• A review of the evidence shows that prison is costly, has negligible or negative effects on re-offending and, in the case of young people, may inflict long-term damage, thereby squandering the opportunity for rehabilitation and diversion that is presented with young people.[1]

     Prison is costly

    The cost of new prison infrastructure and expansion of prisons to accommodate an increasing prison population within Victoria is in the hundreds of million of dollars. The 2013–2014 Victorian State Budget committed an extra $131.5 million on top of the $819 million prison funding announced last year to extending the prison system. Despite these budget commitments, it is predicted that Victoria’s prison system will still fall 1,400 beds short of the required capacity by 2016.[2]

    Diversion early in the criminal justice process offers a less costly and more effective way of addressing youth offending, especially when compared to the cost of detention or further matters coming before the court. Community based diversion and support programs cost about one tenth of what detention of a young offender in a youth justice facility costs Government.[3]

     Prisons are pretty ineffective in preventing reoffending

    Imprisonment in many cases is likely to have a negative impact on a young offenders offending trajectory. In Victoria, the most recent data shows re-offending rates of 57 per cent amongst juveniles sentenced to detention.[4] It is widely accepted incarceration foster further criminality.

    Resourcing programs in the community that address the underlying causes of young people’s offending by promoting rehabilitation and reintegration are key to preventing their trajectory into the criminal justice system and reducing reoffending.  This is particularly the case given the well known indicators of disadvantage that are characteristic of young people entering the criminal justice system, such as mental illness, substance abuse, homelessness and poverty. There is significant cross-over between individuals with child protection backgrounds and those in the youth justice system. Statistics show that Aboriginal and Torres Strait Islander (ATSI) young people are over-represented in Victorian detention at a ratio of 14:1.[5]

    Various alternative sentencing measures such as non custodial sentences, diversion and youth justice conferencing have been evaluated and shown to have greater success than prison at keeping young people out of the justice system:

    • A study from NSW reported young offenders given non-custodial sentences had a 16% lower reoffending rate than those given custodial sentences. [6]
    • KPMG found that within 24 months only 19 per cent of group conference participants reoffended, compared to 43 per cent of young people placed on Probation or a Youth Supervision Order.
    • Rates of reoffending of young people participating in Victoria Police’s ROPES program are around 10 to 12 per cent.[7]
    • A local program in Victoria, Right Step, which deals with more complex cases than ROPES, has a 65 per cent success rate amongst participants.[8]
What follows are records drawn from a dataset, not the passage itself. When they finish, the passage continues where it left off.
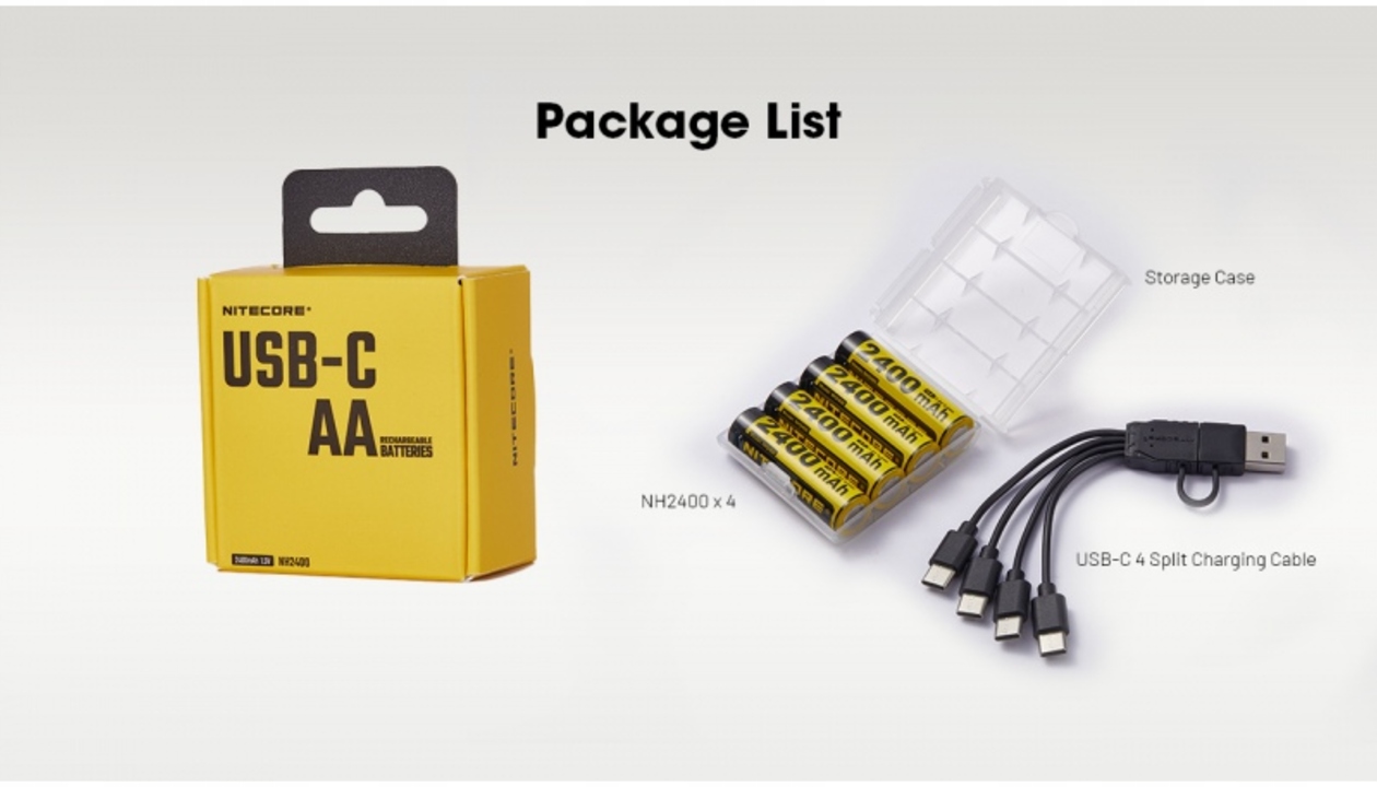 AA NITECORE NH2400 Маленькая батарея объединяет универсальный размер и передовые технологии. Вместимость 2400 мАч и постоянное напряжение 1,5 В делают их идеальными для камер, часов, пилотов, фонариков, вентиляторов, клавиатур и других гаджетов. The built-in USB-C port allows you to charge batteries directly or using a charger. Удобный разделенный адаптер из 4 кабелей USB-C позволяет одновременно заряжать все 4 батареи. Полная зарядка занимает около 3 часов.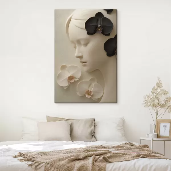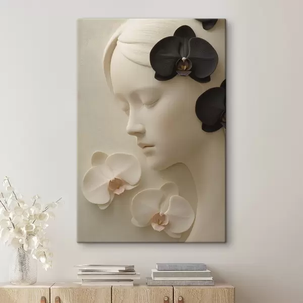 Fototapete Mädchen mit Orchideen im Flachreliefstil s47942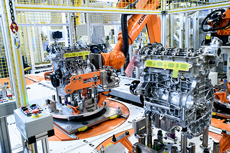 задействовано 5 промышленных манипуляторов, выполняющих с высокой точностью и скоростью сложные технологические операции. Все собранные двигатели проходят «горячий тест»: на стенде производится первый запуск, имитирующий работу в реальных условиях эксплуатации. Результаты испытания сравниваются с эталонными показателями. Далее двигатель отправляется на склад готовой продукции, затем поступает в цех сборки завода HAVAL для установки на автомобиль.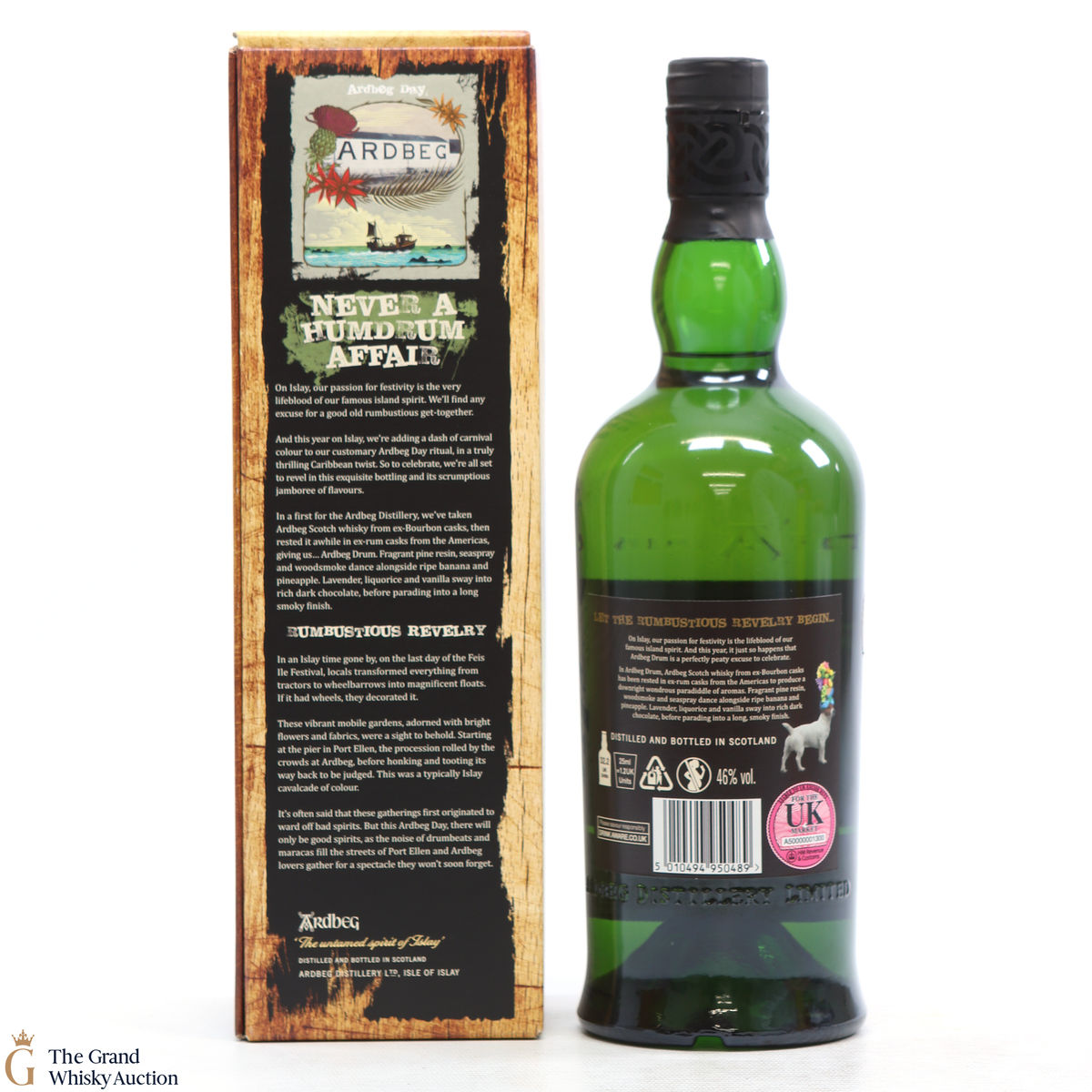 This is the 2019 Ardbeg Drum Limited edition. The Ardbeg Drum is a non-age-statement single malt matured in ex-Bourbon casks and then finished in ex-rum casks from the Americas. It was created to celebrate Ardbeg Day 2019 (June 1) held during the Islay Festival of Music & Malt (Fèis Ìle).

    Prison damages life outcomes

    Prison can significantly diminish the health, economic and social outcomes in a young person’s life whilst also increasing the risk factors associated with offending.

    A number of studies on post-release outcomes have attempted to illustrate the damage to individuals of periods in detention. According to one UK study, those finding work post-release report the lowest rates of recidivism, bolstering the anecdotal link between unemployment and crime. However, the prospects for finding work are considerably lower for those with a criminal record, with approximately one-quarter finding employment after leaving prison.[9] YMCA Victoria estimates that 57 per cent of people with a criminal record cannot find work.[10]

    Another United Kingdom study by an economics think tank estimated that the indirect costs of detaining a young person (including reduced chances of employment and increased likelihood of homelessness) added at least 40,000 Pounds to the total bill of a year-long prison sentence.[11] The total cost outweighed the savings to government and community of reduced offending by a ratio of 28:1.

     Justice reinvestment in diversion

    There are considerable opportunities to implement a justice reinvestment scheme in Victoria and divert money away from adult prisons in Victoria. Justice reinvestment involves a portion of funds allocated to prisons being redirected to programs that tackle the underlying causes of crime in targeted communities (such as vulnerable young people), which over time will help lessen the prison population.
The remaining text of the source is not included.